Task statement: Your job is to print, exactly, the lines in the data below from the line with "Sterling silver cuff" through the line with "When installing the", both included, and to omit any picture.

Material for this exercise:

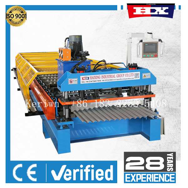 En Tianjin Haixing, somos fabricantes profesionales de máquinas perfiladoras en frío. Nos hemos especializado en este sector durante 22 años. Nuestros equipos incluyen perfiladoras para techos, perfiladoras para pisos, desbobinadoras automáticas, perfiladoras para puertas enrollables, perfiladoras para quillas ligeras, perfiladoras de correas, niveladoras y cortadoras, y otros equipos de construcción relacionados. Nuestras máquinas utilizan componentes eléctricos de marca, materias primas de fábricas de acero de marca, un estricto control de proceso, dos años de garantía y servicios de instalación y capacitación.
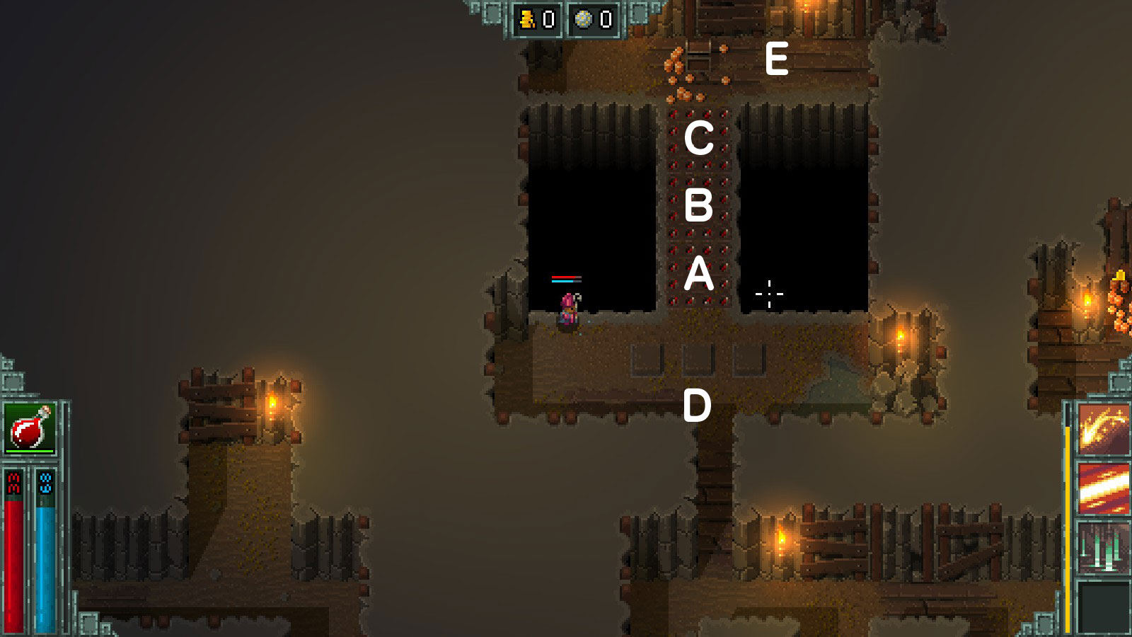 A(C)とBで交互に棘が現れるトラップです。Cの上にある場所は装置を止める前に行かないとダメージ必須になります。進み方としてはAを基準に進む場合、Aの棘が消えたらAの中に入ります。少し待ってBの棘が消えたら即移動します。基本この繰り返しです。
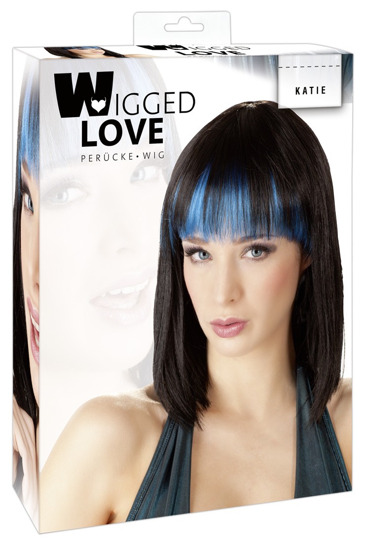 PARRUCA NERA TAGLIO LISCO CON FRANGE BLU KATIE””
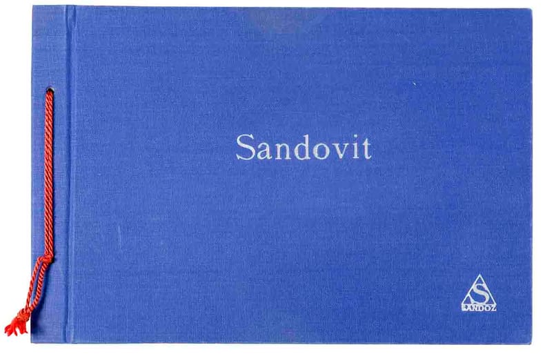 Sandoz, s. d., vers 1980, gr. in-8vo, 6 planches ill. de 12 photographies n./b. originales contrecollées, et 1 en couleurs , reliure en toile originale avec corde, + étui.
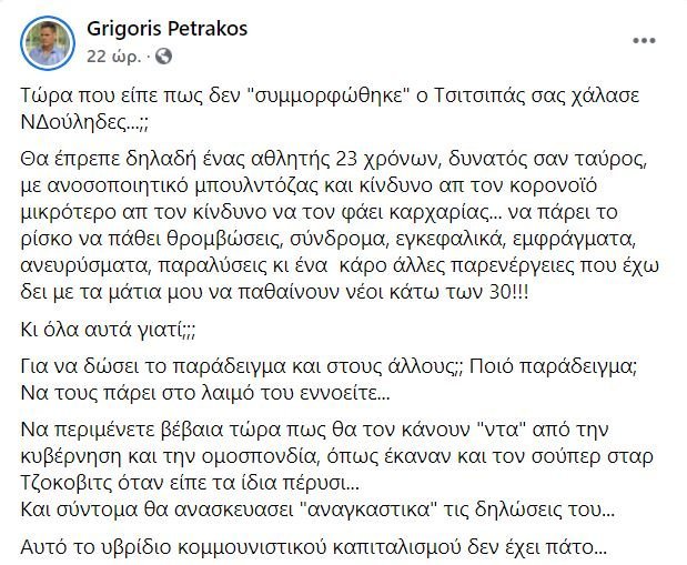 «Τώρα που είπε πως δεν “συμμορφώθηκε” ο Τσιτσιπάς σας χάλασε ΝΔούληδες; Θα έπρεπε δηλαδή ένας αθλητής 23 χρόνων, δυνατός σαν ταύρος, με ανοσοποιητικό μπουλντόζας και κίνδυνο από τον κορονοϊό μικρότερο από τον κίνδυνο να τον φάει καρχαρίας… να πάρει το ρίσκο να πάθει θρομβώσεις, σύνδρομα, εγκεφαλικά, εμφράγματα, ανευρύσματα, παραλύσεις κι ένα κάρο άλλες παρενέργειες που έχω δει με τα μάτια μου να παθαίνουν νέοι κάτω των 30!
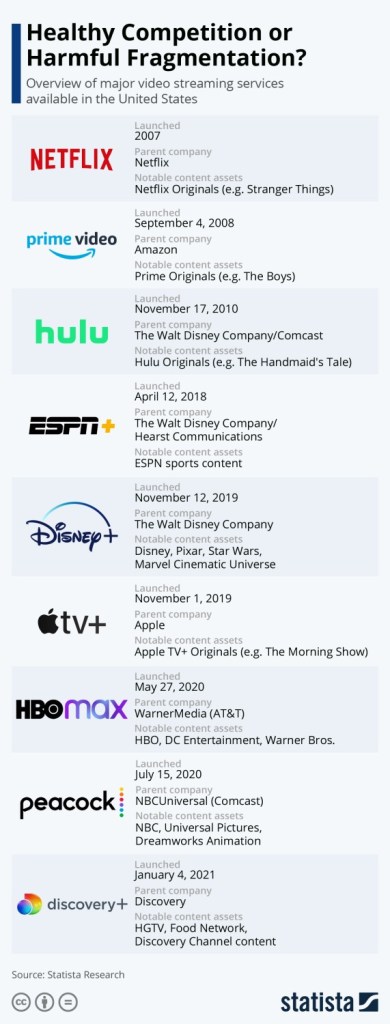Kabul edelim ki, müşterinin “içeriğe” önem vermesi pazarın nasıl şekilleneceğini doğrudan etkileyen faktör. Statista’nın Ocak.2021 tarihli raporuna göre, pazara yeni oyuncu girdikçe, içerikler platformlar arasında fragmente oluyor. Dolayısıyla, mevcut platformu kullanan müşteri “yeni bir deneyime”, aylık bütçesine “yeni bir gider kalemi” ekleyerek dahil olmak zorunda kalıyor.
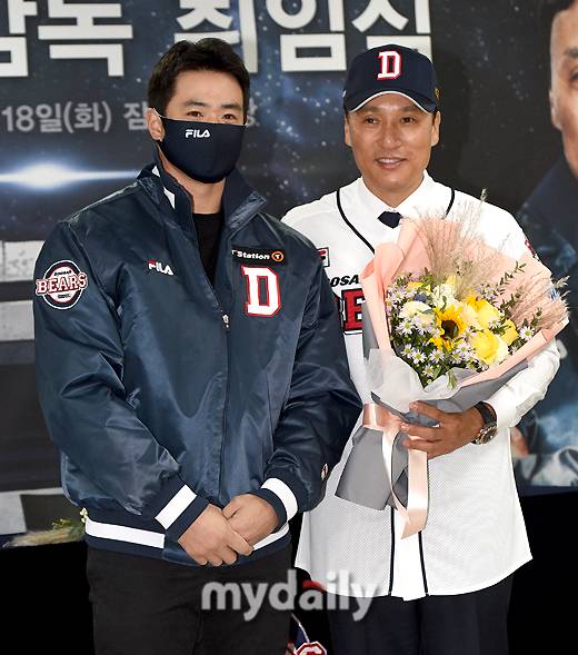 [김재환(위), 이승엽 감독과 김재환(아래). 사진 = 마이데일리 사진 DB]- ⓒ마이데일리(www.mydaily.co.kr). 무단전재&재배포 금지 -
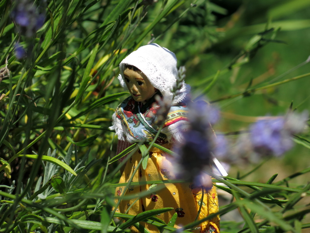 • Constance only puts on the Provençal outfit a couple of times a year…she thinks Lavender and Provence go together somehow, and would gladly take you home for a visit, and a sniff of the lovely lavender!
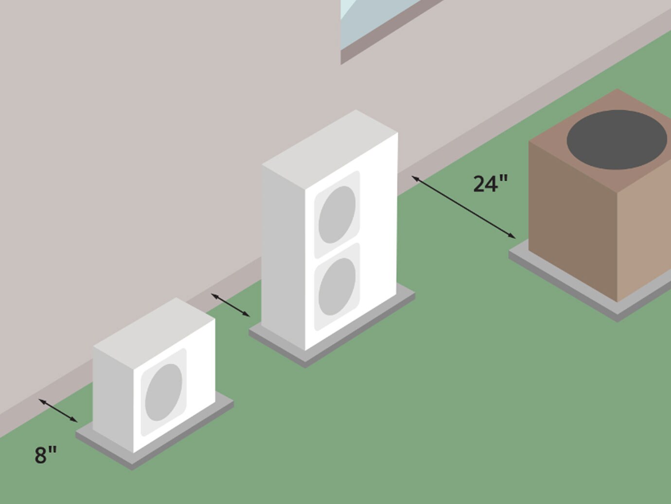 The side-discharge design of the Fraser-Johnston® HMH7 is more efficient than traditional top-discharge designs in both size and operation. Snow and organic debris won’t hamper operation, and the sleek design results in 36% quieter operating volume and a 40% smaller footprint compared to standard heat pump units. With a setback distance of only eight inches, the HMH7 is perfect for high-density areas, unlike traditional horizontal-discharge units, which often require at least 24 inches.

==

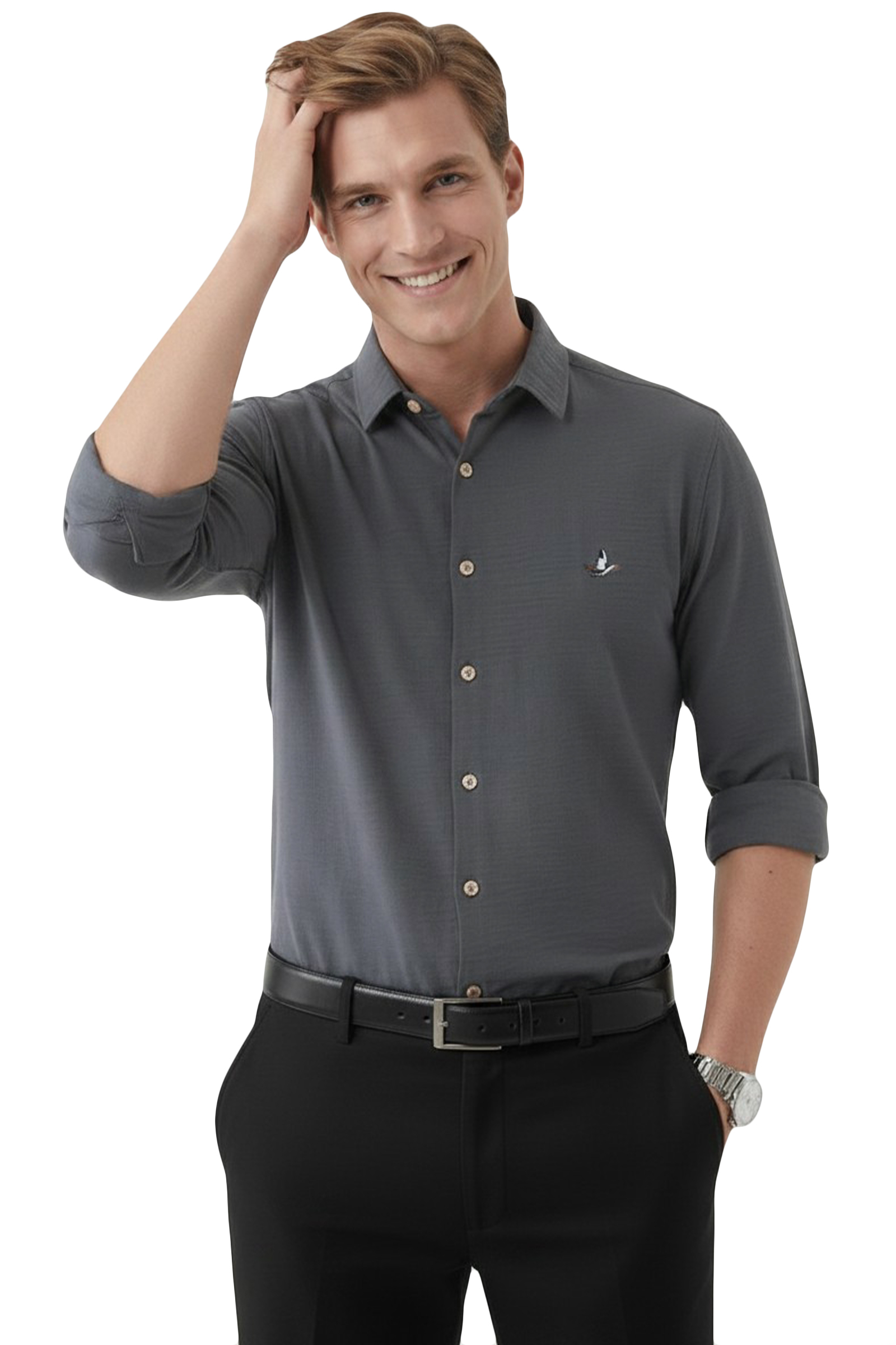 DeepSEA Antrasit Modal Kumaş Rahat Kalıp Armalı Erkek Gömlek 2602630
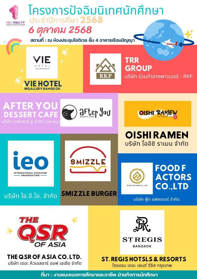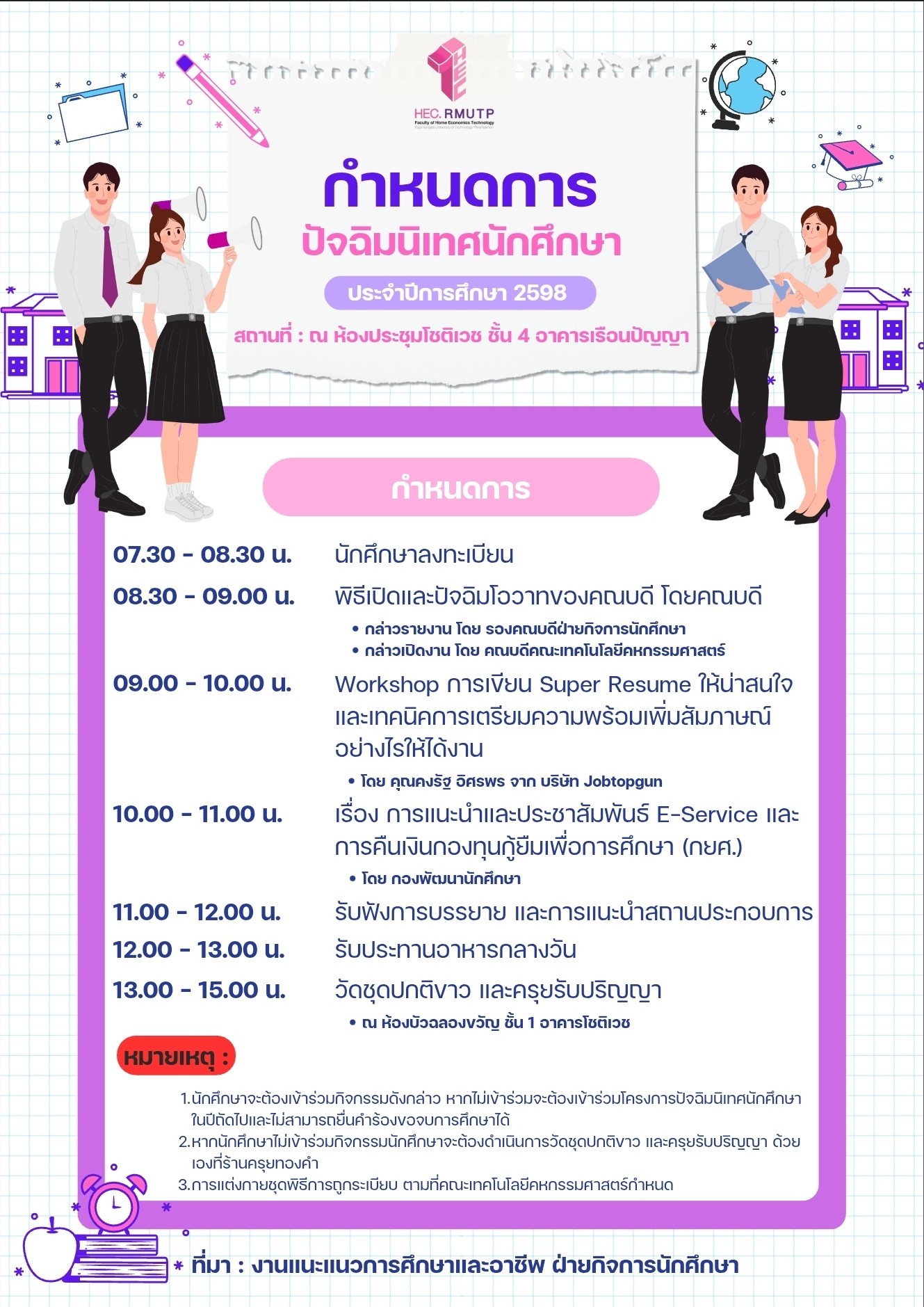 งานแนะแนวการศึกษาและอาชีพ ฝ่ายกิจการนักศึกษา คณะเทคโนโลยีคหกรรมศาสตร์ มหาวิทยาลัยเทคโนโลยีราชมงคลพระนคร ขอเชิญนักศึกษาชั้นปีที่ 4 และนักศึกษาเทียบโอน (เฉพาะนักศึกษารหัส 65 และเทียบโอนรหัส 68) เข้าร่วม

--

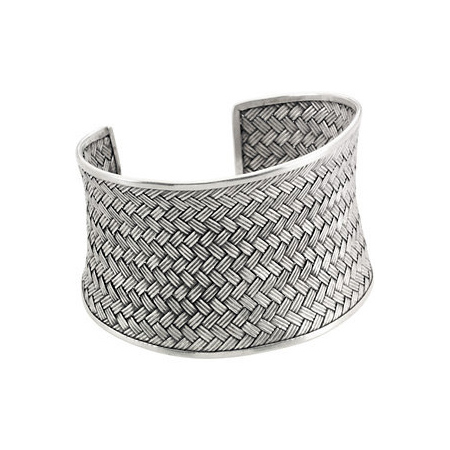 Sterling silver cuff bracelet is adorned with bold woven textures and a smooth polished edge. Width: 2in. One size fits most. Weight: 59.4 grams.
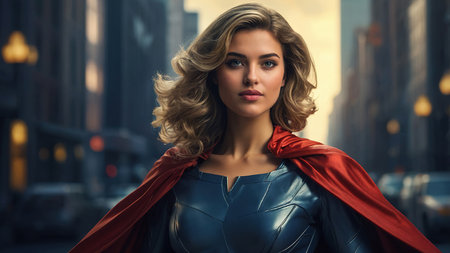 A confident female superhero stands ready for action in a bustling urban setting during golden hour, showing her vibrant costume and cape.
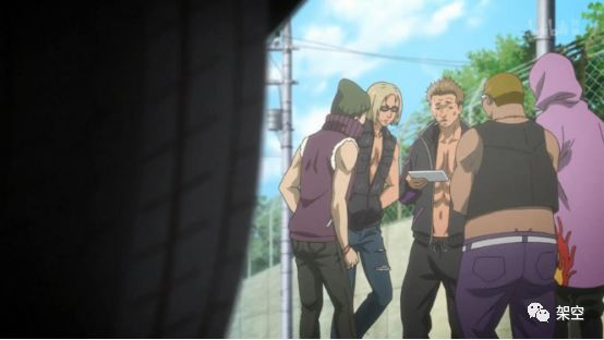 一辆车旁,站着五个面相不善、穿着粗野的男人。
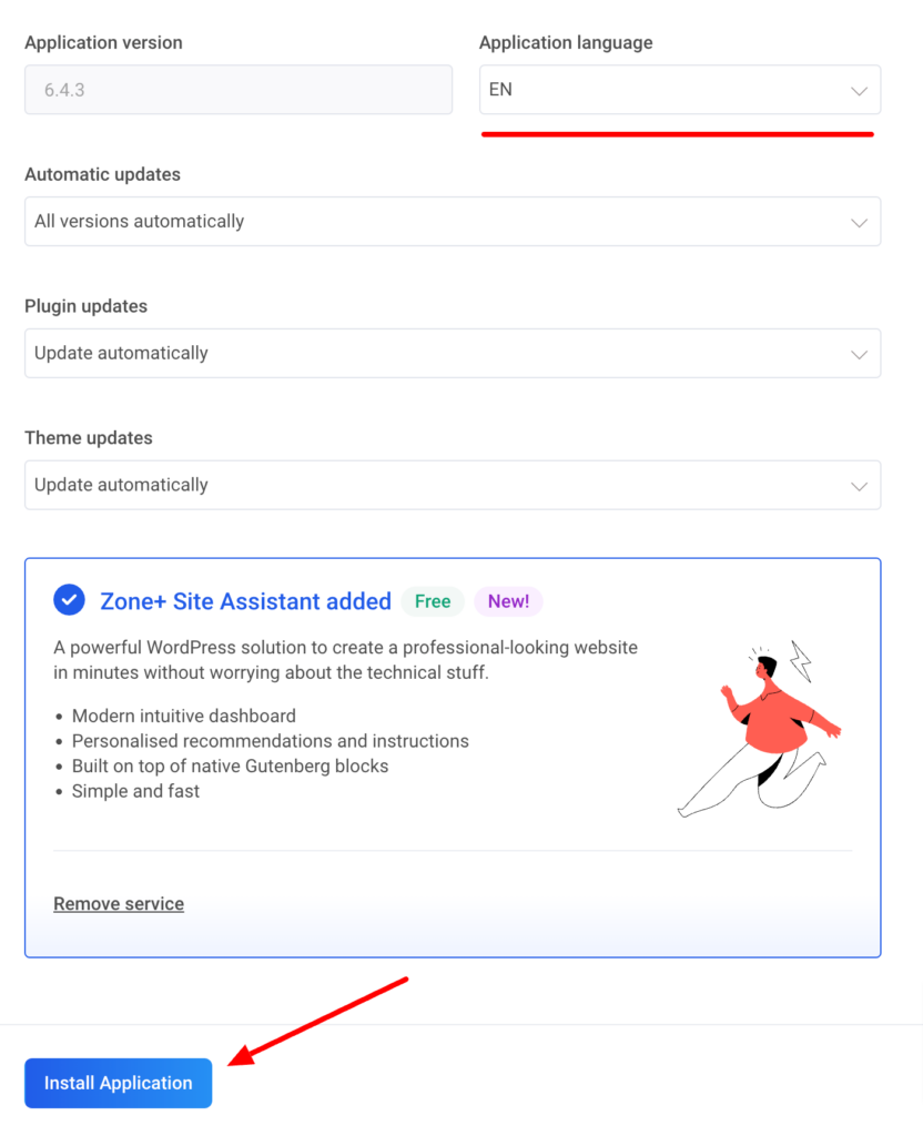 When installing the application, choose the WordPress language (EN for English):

Answer to this exercise:
 Sterling silver cuff bracelet is adorned with bold woven textures and a smooth polished edge. Width: 2in. One size fits most. Weight: 59.4 grams.
 A confident female superhero stands ready for action in a bustling urban setting during golden hour, showing her vibrant costume and cape.
 一辆车旁,站着五个面相不善、穿着粗野的男人。
 When installing the application, choose the WordPress language (EN for English):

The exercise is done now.